C2C12 cells (RIKEN Bio Resource Center, Tsukuba, Japan) were cultured under the same conditions. C2C12 is an immortalized mouse myoblast cell line. C2C12 cells were used to mimic the high expression of FST in the local muscle. After the cells reached 70–80% confluence, the medium was replaced with DMEM containing 2% horse serum and 1% penicillin/streptomycin (differentiation medium). Differentiation into myotubes was induced by culturing in the differentiation medium (changed every 2 days) for 7 days. After incubation, the medium was changed to serum-free DMEM, and the cells were infected by rAdV.
rAdV infection
HuH7 and C2C12 seeded in 12-well plates (for total RNA/DNA extraction) were infected with 1.0 × 1010 vp, and those seeded in six-well plates (for total protein extraction) were infected with 4.0 × 1010 vp of rAdV<hFST>. A group with the same amount of phosphate-buffered saline (PBS) and a group infected with the same amount of rAdV<mCherry> were considered as controls. Total RNA/DNA extraction and total protein extraction were performed 4 days after infection in HuH7 and 3 days in C2C12 cells.
Total RNA/DNA extraction
Total RNA was extracted from culture cells. Sepasol RNA I Super G (Nacalai Tesque, Kyoto, Japan) was used for the extraction, as per the manufacturer’s protocol. After extraction, the concentration of RNA in each sample was estimated using a microspectrophotometer (NanoDrop 1,000; Thermo Fisher Scientific, Waltham, MA, USA), and 500 ng of total RNA from each sample was reverse transcribed using 5 × PrimeScript RT Master Mix (Takara Bio, Shiga, Japan) to cDNA. The cDNA was diluted with a four-fold amount of purified water.
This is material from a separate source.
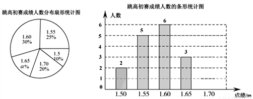 扇形统计图中a= ,初赛成绩为1.70m所在扇形图形的圆心角为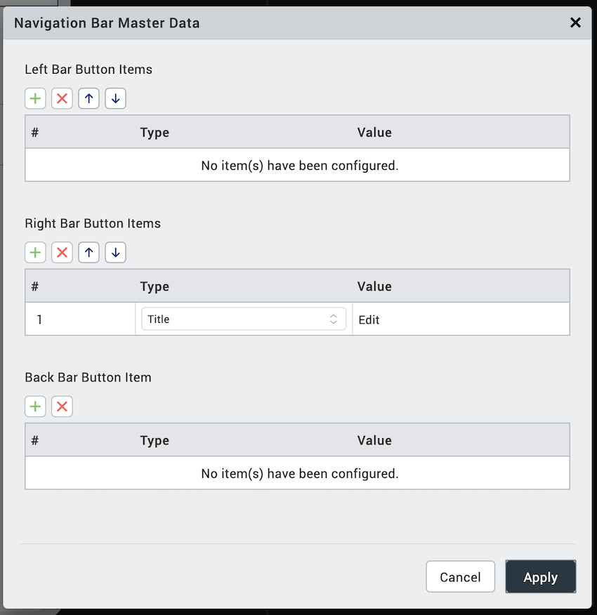 | Master Data | Collection of bar button items that can be set to the properties (Left Bar Button Items, Right Bar Button Items, and Back Bar Button Item). |

Total DNA was extracted from cell culture samples. A phenol/chloroform/isoamyl alcohol solution (Nacalai Tesque, Kyoto, Japan) was used for extraction, as per the manufacturer’s protocol. After extraction, total DNA concentration of each sample was adjusted to 10 ng/µL.
The synthesized cDNA was used to measure transgene expression, and total DNA was used to detect the transgene fragments using SYBR-Green-qPCR.
Immunoblotting
Total proteins were extracted from the culture cells using lysis buffer (1% NP-40, 0.1% SDS, 20 mM Tris-HCl [pH 8.0], five mM ethylenediamine tetraacetic acid [EDTA], 150 mM NaCl, and proteinase inhibitor (Nacalai Tesque, Kyoto, Japan)). Lysates were centrifuged at 12,000×g for 15 min at 4 °C. Total protein concentration for each sample was measured using the BCA protein assay kit (Takara Bio, Shiga, Japan), and five µg/lane (HuH7) or 10 µg/lane (C2C12) of total protein was used for gradient gel electrophoresis. For western blotting, the blots were incubated with primary antibodies. Table S1 lists the antibodies used in this study. Horseradish peroxidase-conjugated anti-rabbit IgG and anti-mouse IgG were used as the secondary antibodies. Signals were detected using a chemiluminescent reagent (EzWestLumi One; ATTO, Tokyo, Japan). Blots were scanned using a Light-Capture Cooled CCD Camera System (Image Quant LAS-4,000; GE Healthcare, Chicago, IL, USA).
Immunofluorescence
Immunofluorescence was performed 3 days after rAdV<hFST> infection of C2C12 cells. After removing the supernatant, cells were fixed with 4% paraformaldehyde (Wako) for 15 min at 20 °C. Subsequently, the cells were permeabilized using 0.1% TritonX-100 (Nacalai Tesque) in PBS and blocked with 5% goat serum (Sigma-Aldrich, St. Louis, MO, USA) in PBS for 1 h at 20 °C. The primary antibody against Follistatin (Proteintech Group, Chicago, IL, USA, 60060-6-lg, 1:300) was diluted in 5% goat serum in PBS and incubated with the samples for 1 h at 20 °C. Wells were washed with PBS three times and incubated with the secondary antibody (Alexa Fluor 488 anti-mouse IgG; Jackson ImmunoResearch Laboratories, Inc., West Grove, PA, USA, 1:400) for 1 h at 20 °C. Finally, the wells were washed with PBS three times, stained with Dapi-Fluoromount-G® (SouthernBiotech, Birmingham, AL, USA), and subjected to fluorescence microscopy.
Animal experiments
Animal
The animal experiments conducted in this study were approved by the Animal Experiment Committee of the University of Tsukuba (Approval Number: 20-378). A total of 6-week-old male ICR mice were purchased from Central Laboratories for Experimental Animals (Tokyo, Japan) and subjected to a 1-week acclimation period in a cage (Maximum of five mice in one cage). Mice were housed in an air-conditioned, pathogen-free animal room with a 12/12 h light/dark cycle. The mice were allowed to consume normal solid food and water ad libitum. At the beginning of the experiment, the mice weighed 34.1~37.4 g and were 7 weeks old. If weight loss was less than 20% during the experiment, or if there was obvious injury or illness, euthanasia was to be performed. There were no mice that corresponded to the above in this experiment. The sample size for each experiment was determined with previous study (Sugasawa et al., 2019).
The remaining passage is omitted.